The original peace treaties are preserved in entirety at the Danish National Archives in Copenhagen and at the Public Library of Lübeck. The French envoy Pierre Cordier's original report documenting his visit can be found in Malmö and at the public library in Besançon.

== The peace agreements ==

=== Denmark-Lübeck/The Hansa ===
The agreement between Denmark and Lübeck/The Hansa are written in Low German. It contains 17 points, the most important ones are listed here:

- The damages suffered by both parties shall be deemed equal and all prisoners shall be released,
- "vagabonds" shall no longer be kept at sea, meaning all privateering and hijackings shall cease,
- confiscated property shall be released by both parties,
- tolls in Öresund shall be paid for by the Hansa according to the rules established by previous monarchs,
- all in the kingdom (Denmark) and in the Wendish cities (the Hansa) shall have the right to free travel between each other, just like in old times,
- citizens of [the] realm and cities shall have the right to freely maintain merchandise and trade wherever they travel, shall not be forced to sell or buy a certain good; they shall also have the right to carry their own goods on their person and travel wherever they wish; additionally, no new tolls or other charges shall be introduced.
- Hostilities between the Wendish cities and the Dutch shall not lead to combat at sea ("the seas under Skåne and Blekinge" and the Baltic Sea are mentioned), nor shall any hostilities endanger a monarch,
- (The trading tax that apply to Hanseatic merchants in Stockholm shall be lowered from ten percent to five percent),
- his Majesty and his dear son (referring to the Danish monarch and prince) in their realms and countries shall defend and protect "us and other Wendic cities",
- earlier privileges shall be confirmed (by the king) and wishes of new privileges shall be presented "in a safe and comfortable location in Denmark",
- no business (with the King) shall take place unless the Hansa approves of it,
- the monarch shall not allow persons who rebel against us in their realms,
- if a conflict were to ensue between the kingdom and the Wendic cities, both sides are to name four men each who shall together work out a peaceful solution.

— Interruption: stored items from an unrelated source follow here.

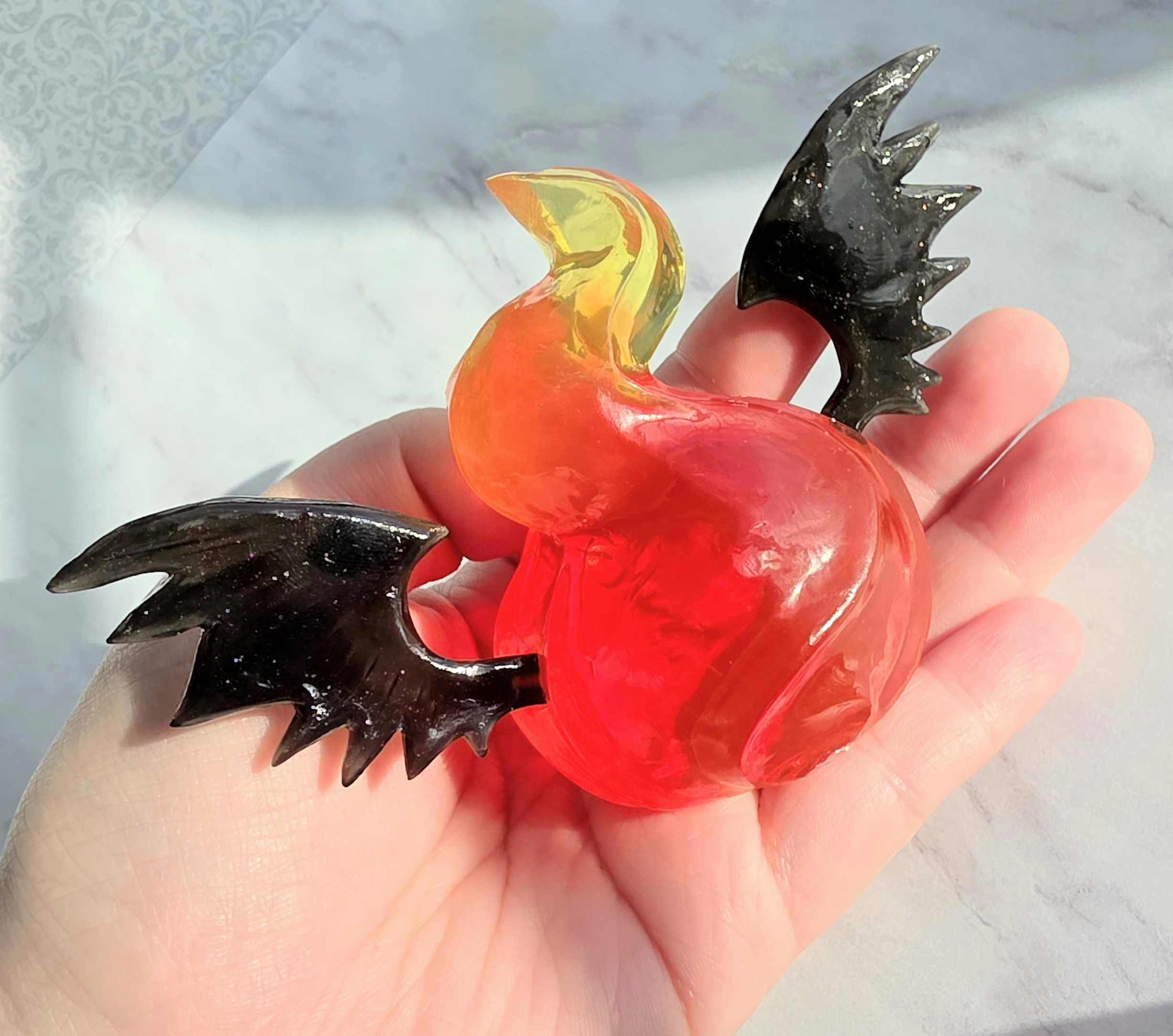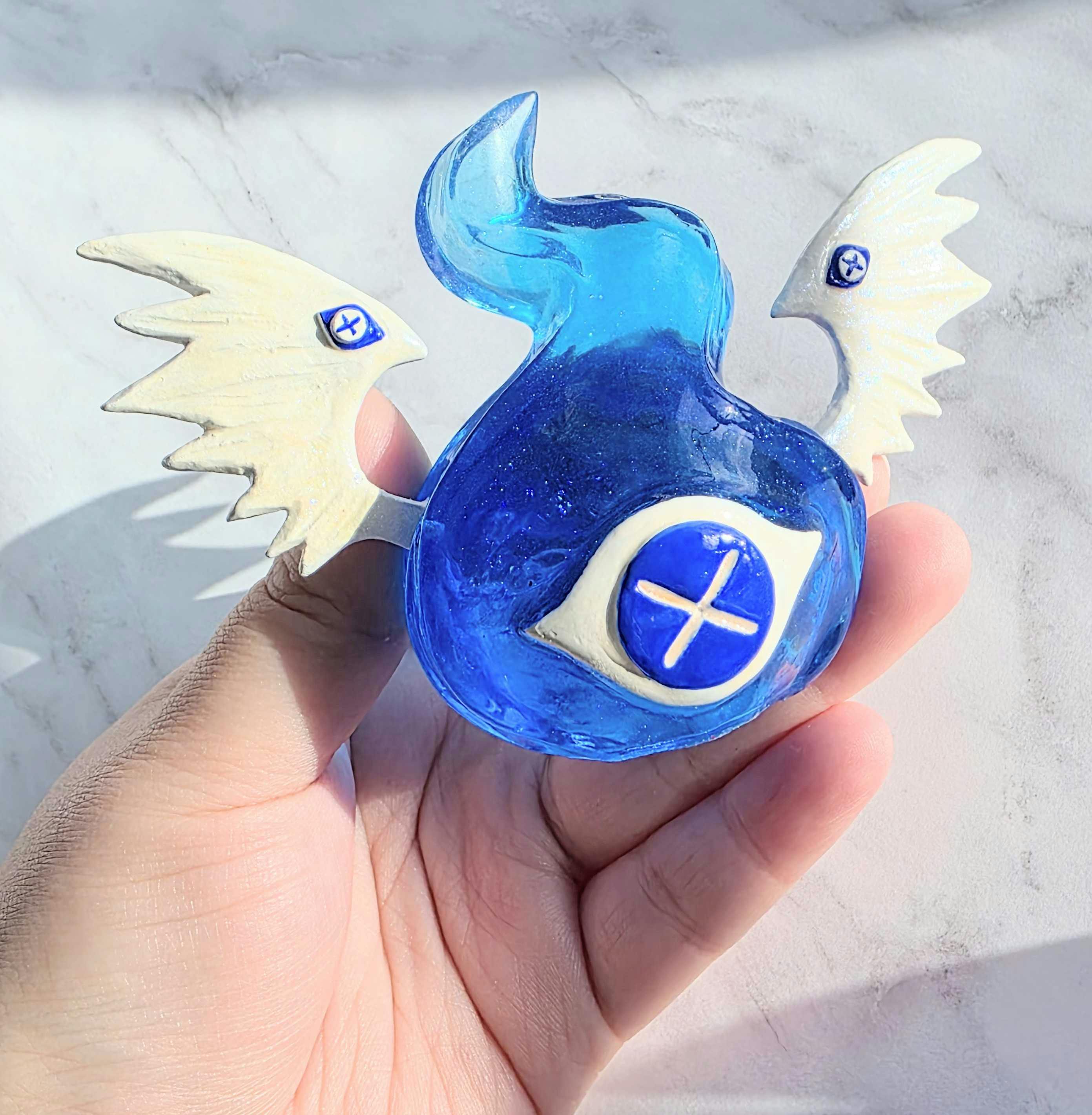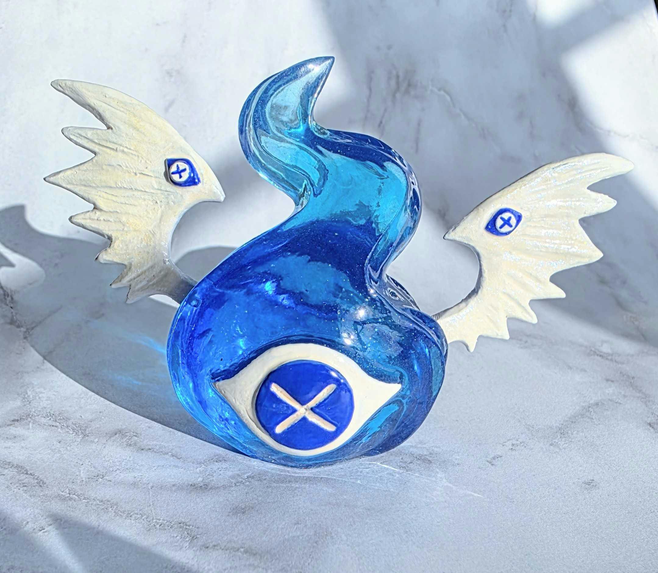Dumah resin statue (Limited Edition Blue): 3 inches tall and 4.5 inches wide. Has a clear gradient glitter body and glitter wings. All figures are hand made and painted so please expect variations between models, especially with the gradient as that's had poured! These are very limited in quantity!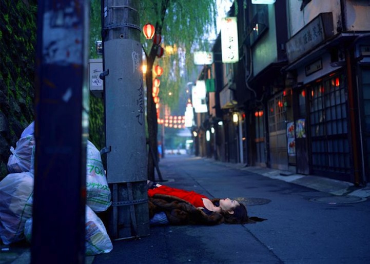 First using a long lens, he documents the moment from quite a distance. It's not always instantly clear what is happening in the scenes, but upon closer inspection, viewers will realize that they are witnessing a disturbing, fictional murder scene. Then gradually, in an additional three or four photographs, Kaoru moves closer to the subject until the final shot is an up-close detailed portrait.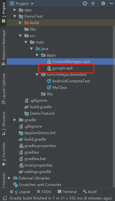 下面贴上测试用例代码,google.apk放在了文件夹中,测试用例包括Before(测试前的配置操作),After(测试后的销毁操作),Test(要进行测试的操作)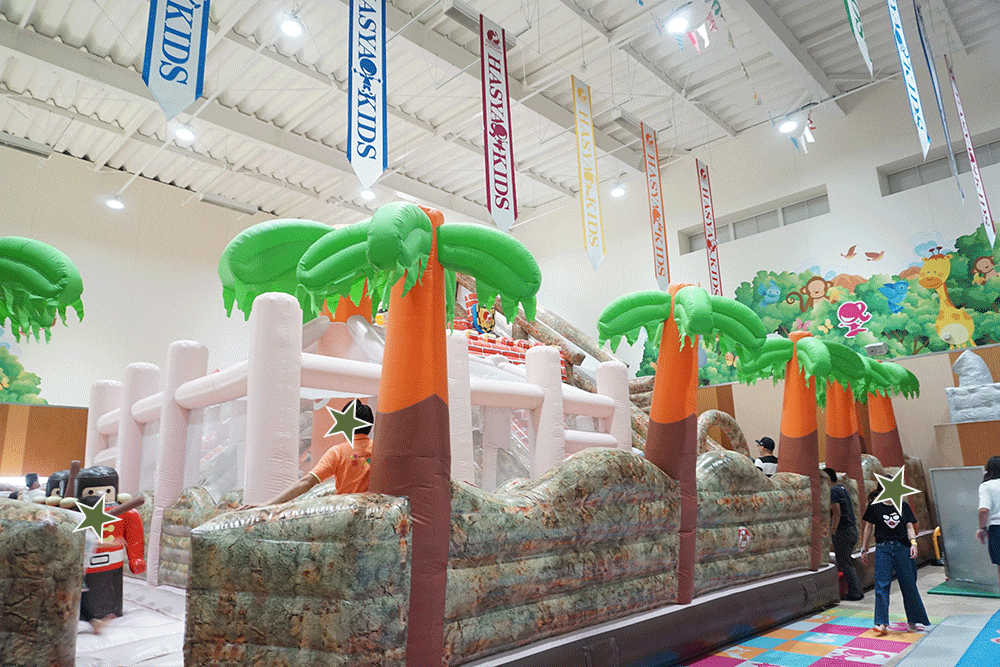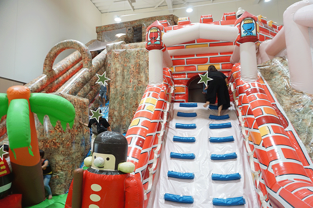 1番の目玉遊具、「はしゃきっズ・キャッスル」はこれまで見たこともなかった超巨大なエア遊具です。はしゃきっズのエリアのおよそ半分を占める大きさで、子どもはもちろん大人もとっても楽しいし遊具です。遊具というかもはや建物です、屋内エア建物。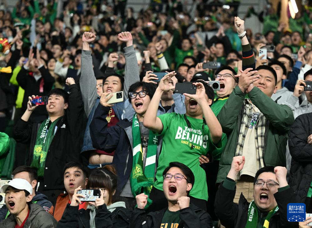4月5日,北京国安队球迷庆祝球队进球。新华社记者 赵子硕 摄

Swedish envoys, representatives from the Papacy and an envoy sent by James V of Scotland among others, were present at the signing of the treaty.

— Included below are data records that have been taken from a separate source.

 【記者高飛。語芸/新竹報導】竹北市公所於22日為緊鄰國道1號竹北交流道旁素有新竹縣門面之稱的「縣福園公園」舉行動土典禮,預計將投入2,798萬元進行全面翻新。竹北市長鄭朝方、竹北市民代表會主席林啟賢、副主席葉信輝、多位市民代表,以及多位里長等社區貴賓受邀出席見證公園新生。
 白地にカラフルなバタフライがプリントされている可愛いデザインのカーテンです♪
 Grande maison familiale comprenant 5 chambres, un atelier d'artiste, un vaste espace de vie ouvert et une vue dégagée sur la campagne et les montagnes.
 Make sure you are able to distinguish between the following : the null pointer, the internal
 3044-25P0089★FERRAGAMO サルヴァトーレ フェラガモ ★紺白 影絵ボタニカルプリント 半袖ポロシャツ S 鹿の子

In addition to the peace document, a letter which seems to have been kept secret was signed in Malmö. Its contents instructs the lone city of Lübeck to pay 30 000 Rhenish ducats to Denmark during a period of 12 years (2500 ducats per year).

=== Denmark-Sweden ===
The Dano-Swedish peace agreement is written in Danish and is not as detailed as the Dano-Lübeckian. The list of both sides' and foreign representatives along with their intents, is longer than in the Dano-Lübeckian, but the agreement addresses a meeting which is planned for the 24 June 1513 where 12 men from Denmark and Norway, and 12 men from Sweden shall decide whether or not Sweden will accept King John or his heir Christian as the true lord and King of the Swedish realm. If Sweden were not to accept, they should give King John "a sizable sum of money". How large this sum should be would be decided by the 24 men. If they would be unable to come to a unanimous decision, the Hansa would be tasked with acting as mediators.

== Sources ==
The original documents can be found in Copenhagen, Lübeck and in Besançon.

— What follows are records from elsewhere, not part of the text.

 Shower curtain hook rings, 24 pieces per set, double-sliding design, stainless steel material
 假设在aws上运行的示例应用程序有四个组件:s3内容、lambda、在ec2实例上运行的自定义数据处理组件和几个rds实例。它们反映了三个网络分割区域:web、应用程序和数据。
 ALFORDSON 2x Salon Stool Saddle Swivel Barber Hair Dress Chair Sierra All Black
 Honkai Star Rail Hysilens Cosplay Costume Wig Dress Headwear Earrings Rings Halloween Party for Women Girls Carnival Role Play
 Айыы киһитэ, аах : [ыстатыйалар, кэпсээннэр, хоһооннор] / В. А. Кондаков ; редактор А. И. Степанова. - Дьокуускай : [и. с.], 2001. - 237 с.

- The documents detailing the peace agreement between Sweden and Denmark, as well as the Hansa and Denmark can be found at the Danish National Archives.
- The German copies of the Dano-German peace treaty ("AHL, Urkunden Externa, Danica 266") can be found at the Lübeck City Library. The documents had been evacuated during World War II, but were recovered in East Germany in 1987.
- Pierre Cordier's handwritten report to Louis XII is known locally as "Processus verbalis...". It can be found at Bibliothèque municipale d'étude et de conservation in Besançon, France. A PDF file of Processus verbalis is available at the Malmö City Library.